The next part of the journey is from your router, down the wire, out the house, up to the utility pole, down more wires across town to wherever your Internet Service Provider’s “headquarters” are located. Along the way, your credentials may pass through numerous junction boxes, signal boosters and may even be broadcast across the landscape using giant microwave transmitters and radio towers.

Your credentials also bounce all around the Internet from computer to computer, seeking the fastest and most efficient path to their destination. Using a free program called PingPlotter, I traced the route taken from my house to the Yahoo Sign In page, using Cox Internet as my service provider.

From Oklahoma, my Internet connection went to a Cox facility located somewhere around Atlanta, Georgia. Next, it jumped through three different computers located at a Cox facility just east of Newton, Kansas. From there, it seems to have left Cox’s jurisdiction, being routed through a computer in the same general area, but controlled by Equinix, a giant data center provider.

Finally, my connection arrived in Yahoo-land, being processed by six different computers in Sunnyvale, California, before reaching the Yahoo email sign-in page. All told, including my wireless router and modem, it took 13 different Internet addresses located all across the U.S. to get my Internet connection to where it needed to go. Even more locations and Internet addresses would have been used had I actually signed in.

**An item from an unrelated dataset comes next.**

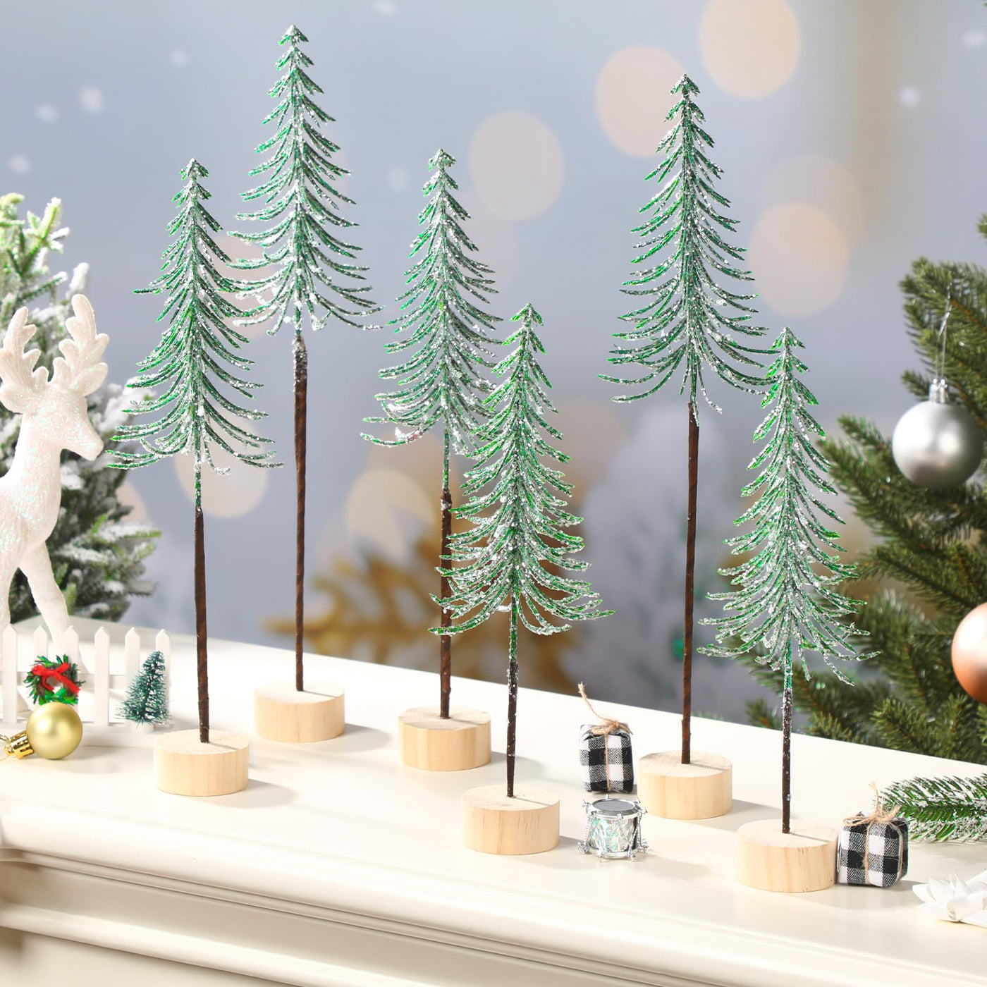 Features: These artificial mini Christmas trees are special home party decorations that will liven up any gathering. Their realistic appearance and snowflake effect make them a mesmerizing centerpiece, adding a festive touch to your celebrations. Each miniature tree features a reliable wooden base that ensures stability, making them incredibly easy to stand wherever you desire. This user-friendly feature means you can quickly set up a charming holiday scene without the hassle Specifications: Material: plastic and wooden Color: green Size: 10, 12, and 14 inches Package includes: 6 x Mini Christmas trees Notes: Manual measurement, please allow slight errors on size. The color may exist a slight difference due to different screen displays.

Each one of these connections represents a potential surveillance location, where my information could be intercepted, tapped, siphoned off, copied, read, hacked, analyzed, stored and exploited for who knows what purpose by Internet criminals and government zealots. It is common knowledge that countries like Russia, China, Iran, Saudi Arabia, Thailand, India and most of the “stans” (Kazakhstan, Kyrgyzstan, Tajikistan, etc.) routinely read their citizens communications, sometimes in blatant collusion with crime syndicates like the Russian Mafia and hacker groups with military and religious agendas.